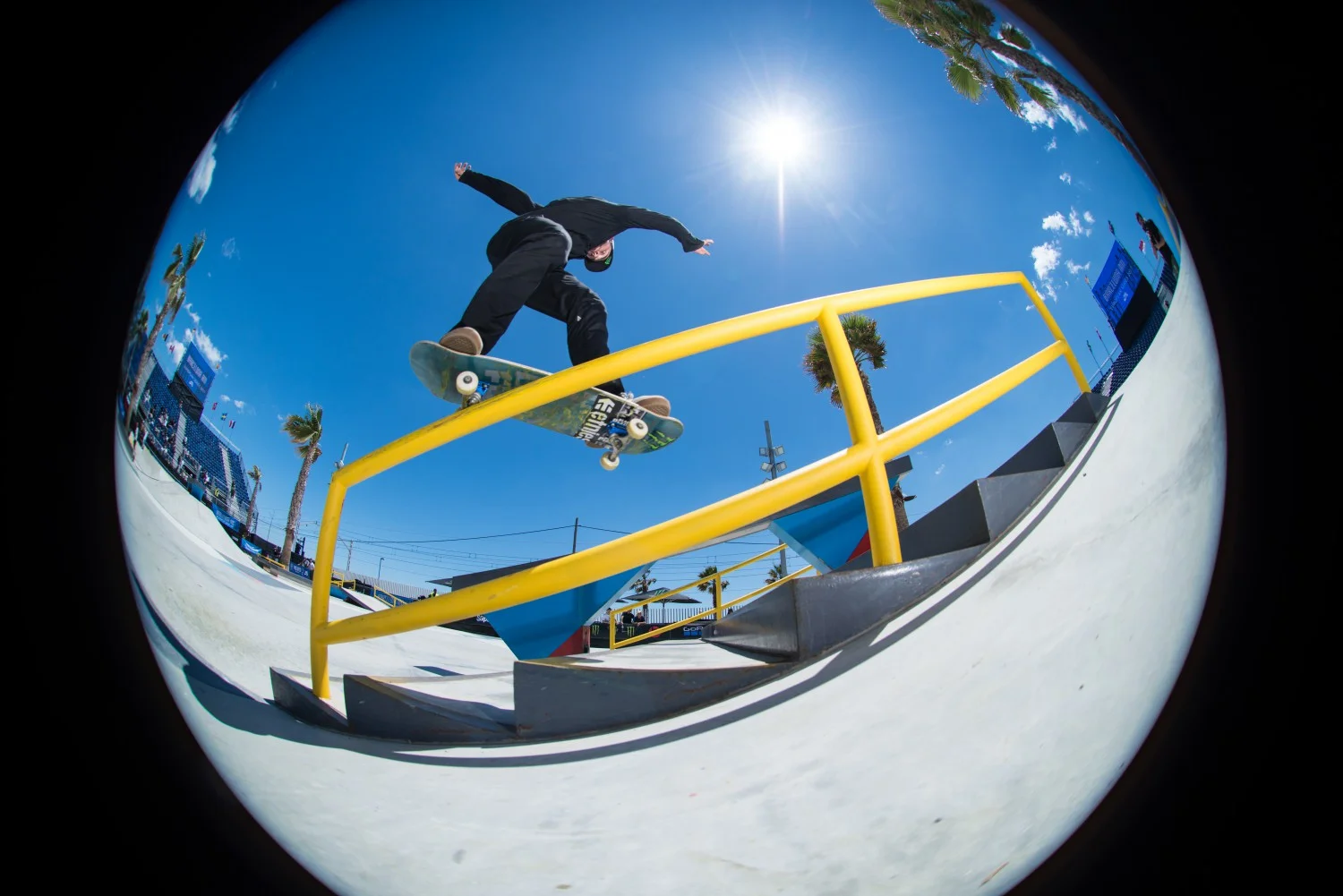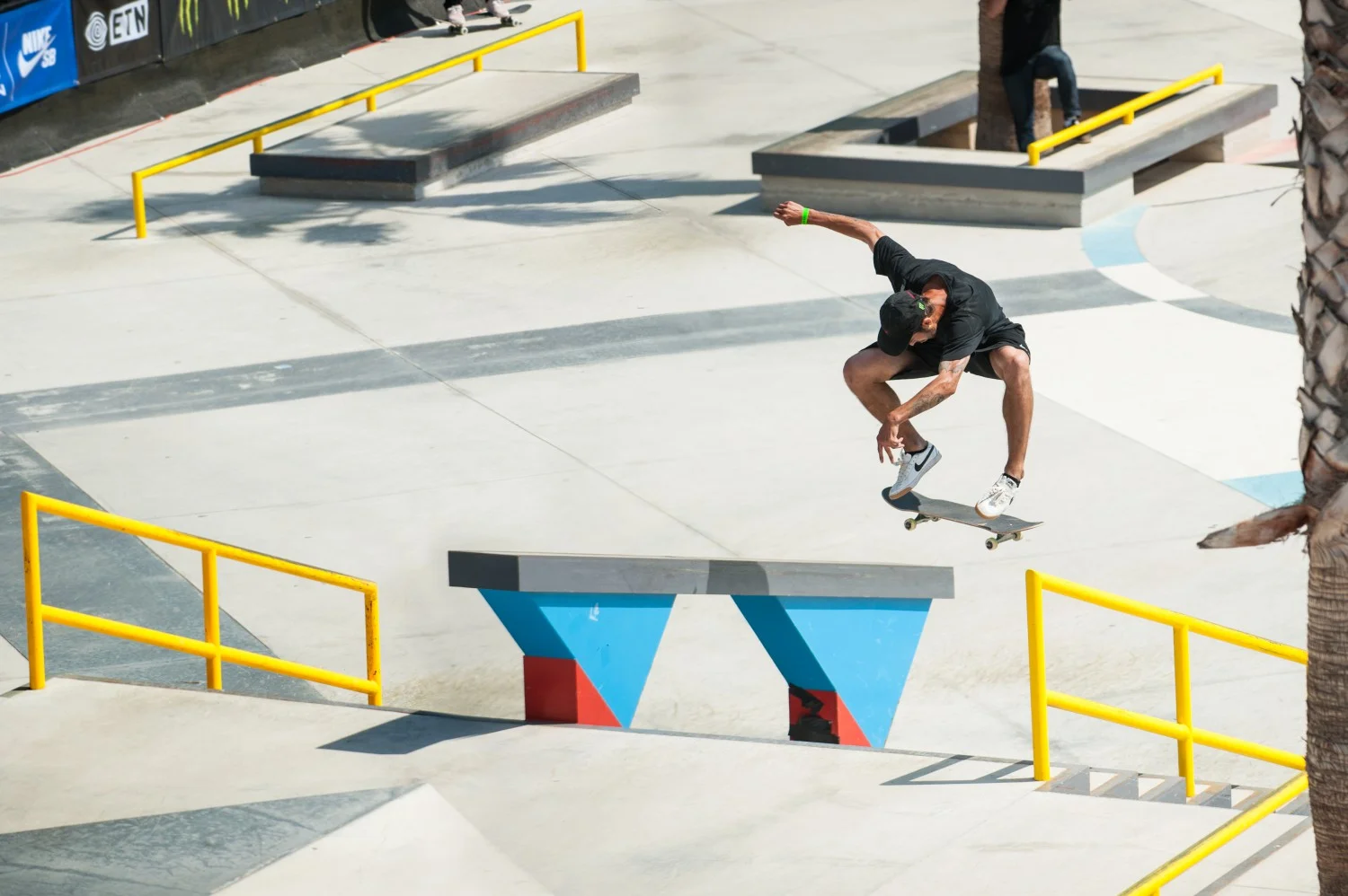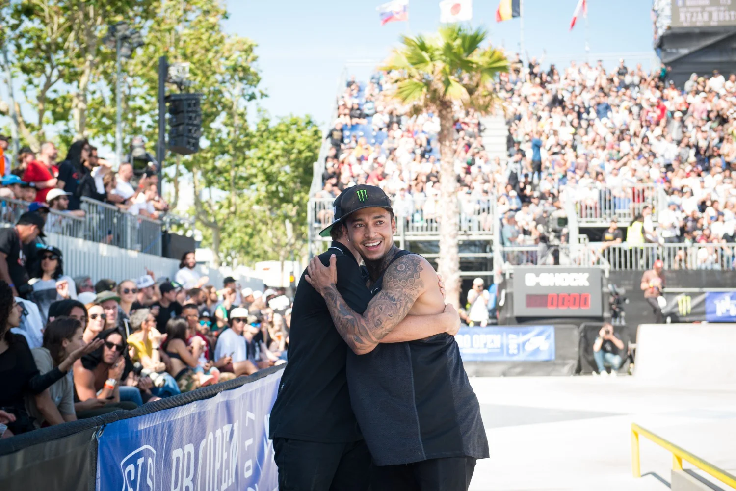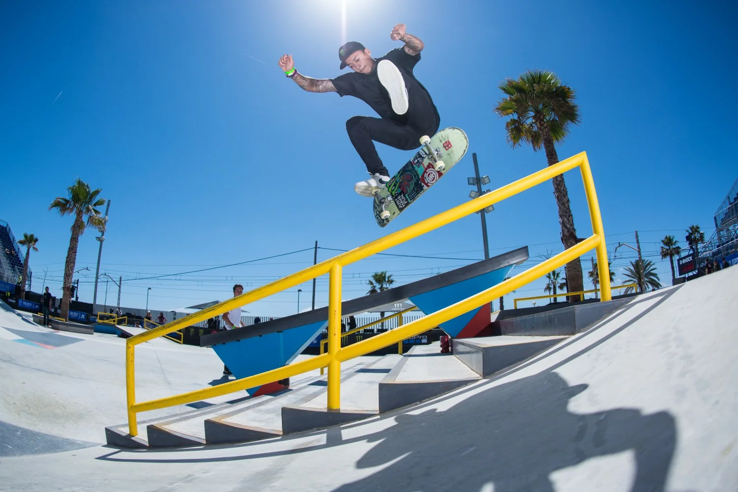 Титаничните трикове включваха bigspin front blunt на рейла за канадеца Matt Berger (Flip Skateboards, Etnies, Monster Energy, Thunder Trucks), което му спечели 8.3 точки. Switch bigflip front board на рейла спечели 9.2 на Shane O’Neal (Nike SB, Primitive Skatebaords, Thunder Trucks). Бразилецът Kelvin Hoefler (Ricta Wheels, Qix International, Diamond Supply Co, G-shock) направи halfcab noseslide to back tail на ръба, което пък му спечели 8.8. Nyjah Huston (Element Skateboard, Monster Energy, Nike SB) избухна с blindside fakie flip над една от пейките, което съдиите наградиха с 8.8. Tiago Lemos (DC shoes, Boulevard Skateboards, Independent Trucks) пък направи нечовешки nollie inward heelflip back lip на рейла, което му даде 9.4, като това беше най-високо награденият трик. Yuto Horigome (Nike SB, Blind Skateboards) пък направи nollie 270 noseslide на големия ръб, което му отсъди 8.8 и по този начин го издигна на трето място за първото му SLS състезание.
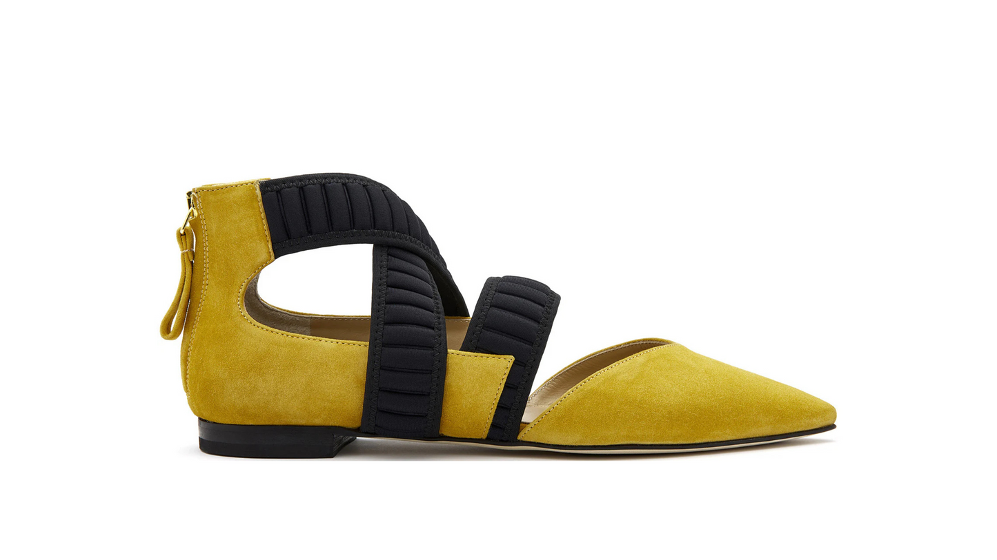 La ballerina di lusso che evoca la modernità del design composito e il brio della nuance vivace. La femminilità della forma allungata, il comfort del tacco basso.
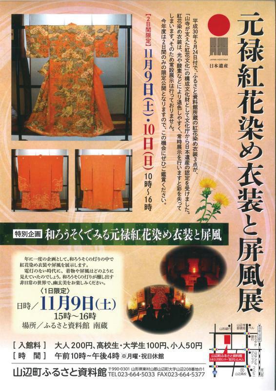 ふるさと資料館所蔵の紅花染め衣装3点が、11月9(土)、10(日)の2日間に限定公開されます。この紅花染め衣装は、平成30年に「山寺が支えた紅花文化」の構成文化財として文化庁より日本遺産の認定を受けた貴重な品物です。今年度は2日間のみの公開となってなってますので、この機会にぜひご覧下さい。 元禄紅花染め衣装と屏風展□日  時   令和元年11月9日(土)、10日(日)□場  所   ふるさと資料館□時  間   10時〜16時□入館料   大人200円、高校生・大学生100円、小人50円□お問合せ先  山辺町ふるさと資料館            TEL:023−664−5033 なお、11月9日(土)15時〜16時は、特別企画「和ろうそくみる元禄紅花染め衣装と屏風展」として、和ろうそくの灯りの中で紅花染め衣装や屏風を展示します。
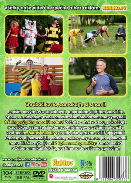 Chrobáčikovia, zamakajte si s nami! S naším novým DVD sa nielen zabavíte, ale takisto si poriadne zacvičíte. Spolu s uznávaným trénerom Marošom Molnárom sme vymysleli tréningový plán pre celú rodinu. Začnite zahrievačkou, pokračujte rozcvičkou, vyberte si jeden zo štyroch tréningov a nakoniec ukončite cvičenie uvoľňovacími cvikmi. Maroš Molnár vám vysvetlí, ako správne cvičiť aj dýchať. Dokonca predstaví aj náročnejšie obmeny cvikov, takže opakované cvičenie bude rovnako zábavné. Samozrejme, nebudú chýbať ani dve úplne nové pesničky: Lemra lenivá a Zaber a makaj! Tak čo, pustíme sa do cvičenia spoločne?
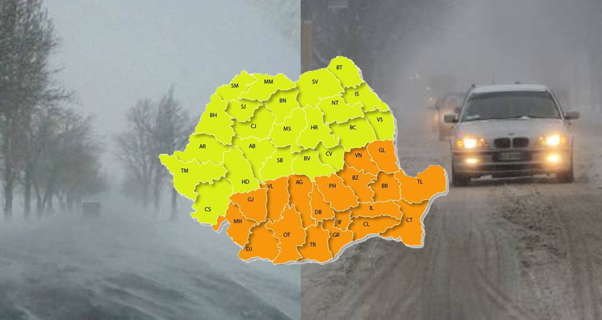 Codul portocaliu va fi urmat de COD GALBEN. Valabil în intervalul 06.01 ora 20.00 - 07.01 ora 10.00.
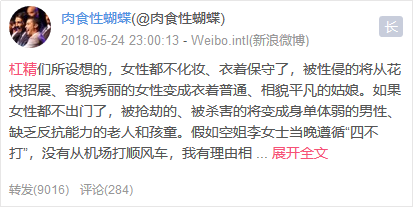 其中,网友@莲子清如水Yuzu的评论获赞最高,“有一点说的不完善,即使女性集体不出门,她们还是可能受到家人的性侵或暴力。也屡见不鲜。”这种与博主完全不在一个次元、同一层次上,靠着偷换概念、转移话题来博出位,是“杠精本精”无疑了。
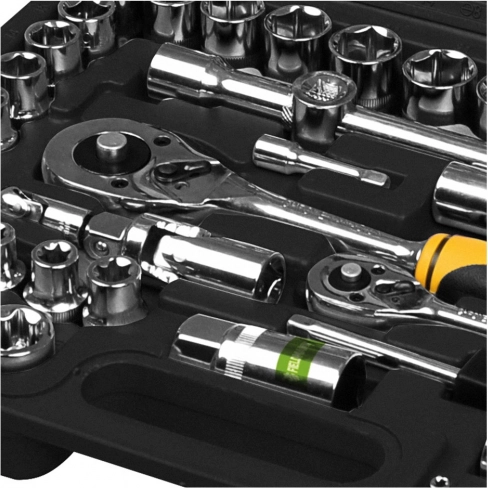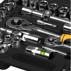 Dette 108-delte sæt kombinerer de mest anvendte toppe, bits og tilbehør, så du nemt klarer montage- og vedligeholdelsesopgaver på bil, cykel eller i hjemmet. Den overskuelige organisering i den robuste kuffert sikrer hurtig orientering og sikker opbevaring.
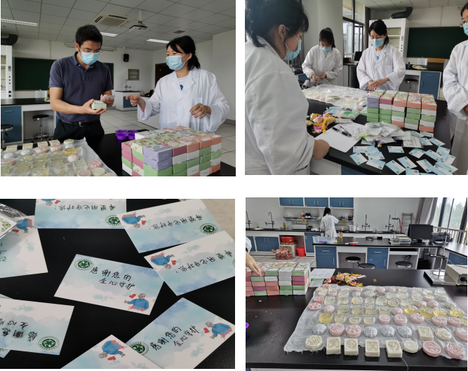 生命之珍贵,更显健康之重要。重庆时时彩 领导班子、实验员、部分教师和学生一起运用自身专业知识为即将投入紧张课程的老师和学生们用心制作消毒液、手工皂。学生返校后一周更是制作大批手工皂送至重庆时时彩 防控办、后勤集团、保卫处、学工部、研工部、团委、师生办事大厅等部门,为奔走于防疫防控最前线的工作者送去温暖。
========================================
**Instructions for the task**
Could you output the entire listing verbatim while omitting its pictures?

**Final answer**
 Титаничните трикове включваха bigspin front blunt на рейла за канадеца Matt Berger (Flip Skateboards, Etnies, Monster Energy, Thunder Trucks), което му спечели 8.3 точки. Switch bigflip front board на рейла спечели 9.2 на Shane O’Neal (Nike SB, Primitive Skatebaords, Thunder Trucks). Бразилецът Kelvin Hoefler (Ricta Wheels, Qix International, Diamond Supply Co, G-shock) направи halfcab noseslide to back tail на ръба, което пък му спечели 8.8. Nyjah Huston (Element Skateboard, Monster Energy, Nike SB) избухна с blindside fakie flip над една от пейките, което съдиите наградиха с 8.8. Tiago Lemos (DC shoes, Boulevard Skateboards, Independent Trucks) пък направи нечовешки nollie inward heelflip back lip на рейла, което му даде 9.4, като това беше най-високо награденият трик. Yuto Horigome (Nike SB, Blind Skateboards) пък направи nollie 270 noseslide на големия ръб, което му отсъди 8.8 и по този начин го издигна на трето място за първото му SLS състезание.
 La ballerina di lusso che evoca la modernità del design composito e il brio della nuance vivace. La femminilità della forma allungata, il comfort del tacco basso.
 ふるさと資料館所蔵の紅花染め衣装3点が、11月9(土)、10(日)の2日間に限定公開されます。この紅花染め衣装は、平成30年に「山寺が支えた紅花文化」の構成文化財として文化庁より日本遺産の認定を受けた貴重な品物です。今年度は2日間のみの公開となってなってますので、この機会にぜひご覧下さい。 元禄紅花染め衣装と屏風展□日  時   令和元年11月9日(土)、10日(日)□場  所   ふるさと資料館□時  間   10時〜16時□入館料   大人200円、高校生・大学生100円、小人50円□お問合せ先  山辺町ふるさと資料館            TEL:023−664−5033 なお、11月9日(土)15時〜16時は、特別企画「和ろうそくみる元禄紅花染め衣装と屏風展」として、和ろうそくの灯りの中で紅花染め衣装や屏風を展示します。
 Chrobáčikovia, zamakajte si s nami! S naším novým DVD sa nielen zabavíte, ale takisto si poriadne zacvičíte. Spolu s uznávaným trénerom Marošom Molnárom sme vymysleli tréningový plán pre celú rodinu. Začnite zahrievačkou, pokračujte rozcvičkou, vyberte si jeden zo štyroch tréningov a nakoniec ukončite cvičenie uvoľňovacími cvikmi. Maroš Molnár vám vysvetlí, ako správne cvičiť aj dýchať. Dokonca predstaví aj náročnejšie obmeny cvikov, takže opakované cvičenie bude rovnako zábavné. Samozrejme, nebudú chýbať ani dve úplne nové pesničky: Lemra lenivá a Zaber a makaj! Tak čo, pustíme sa do cvičenia spoločne?
 Codul portocaliu va fi urmat de COD GALBEN. Valabil în intervalul 06.01 ora 20.00 - 07.01 ora 10.00.
 其中,网友@莲子清如水Yuzu的评论获赞最高,“有一点说的不完善,即使女性集体不出门,她们还是可能受到家人的性侵或暴力。也屡见不鲜。”这种与博主完全不在一个次元、同一层次上,靠着偷换概念、转移话题来博出位,是“杠精本精”无疑了。
 Dette 108-delte sæt kombinerer de mest anvendte toppe, bits og tilbehør, så du nemt klarer montage- og vedligeholdelsesopgaver på bil, cykel eller i hjemmet. Den overskuelige organisering i den robuste kuffert sikrer hurtig orientering og sikker opbevaring.
 生命之珍贵,更显健康之重要。重庆时时彩 领导班子、实验员、部分教师和学生一起运用自身专业知识为即将投入紧张课程的老师和学生们用心制作消毒液、手工皂。学生返校后一周更是制作大批手工皂送至重庆时时彩 防控办、后勤集团、保卫处、学工部、研工部、团委、师生办事大厅等部门,为奔走于防疫防控最前线的工作者送去温暖。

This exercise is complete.